*Your objective*: Write exactly the lines running from the start of the material below to the line that includes "Dvě hlavní role, ale", and include no pictures.

*Exercise materials*:

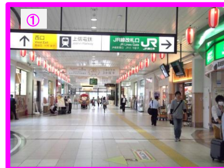
各改札口を出ますと東西への出口通路になります。西口へ進んでください。
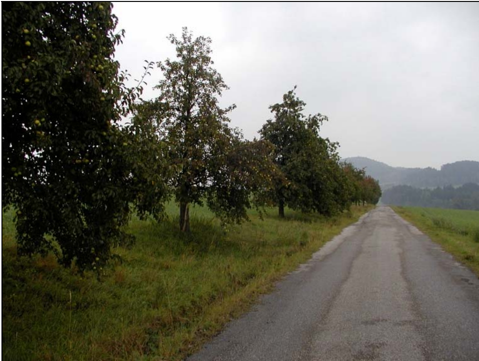
Foto 1: Straßenbegleitende Baumreihe Birne Hochstamm südlich Lasberg
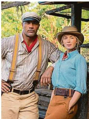
Dvě hlavní role, ale různé platy. Dwayne Johnson a Emily Blunt si nebyli rovni.

podporu talentů ze strany odborných institucí. Pouze dvacet osm procent z nich se domnívá, že podpora mladých lidí, kteří se snaží vybudovat úspěšnou filmovou kariéru, je dostatečná,“ tvrdí průzkum.
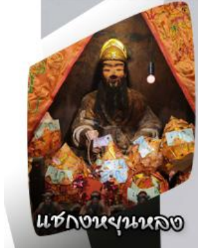
ช่างงนงนง
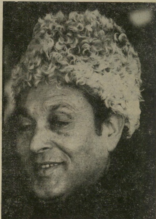
השר מודעי: 90% כישורים

הבריומפלגה, ובלוון המר, גילגל את עיניו כלפי שמיא, כמו נזיר היתולי בסרט איטלקי, כשעה שרמת ההוראה הוסיפה לרדת בכל רחבי המדינה, ואילו מיספר

*Exercise output*:
各改札口を出ますと東西への出口通路になります。西口へ進んでください。
Foto 1: Straßenbegleitende Baumreihe Birne Hochstamm südlich Lasberg
Dvě hlavní role, ale různé platy. Dwayne Johnson a Emily Blunt si nebyli rovni.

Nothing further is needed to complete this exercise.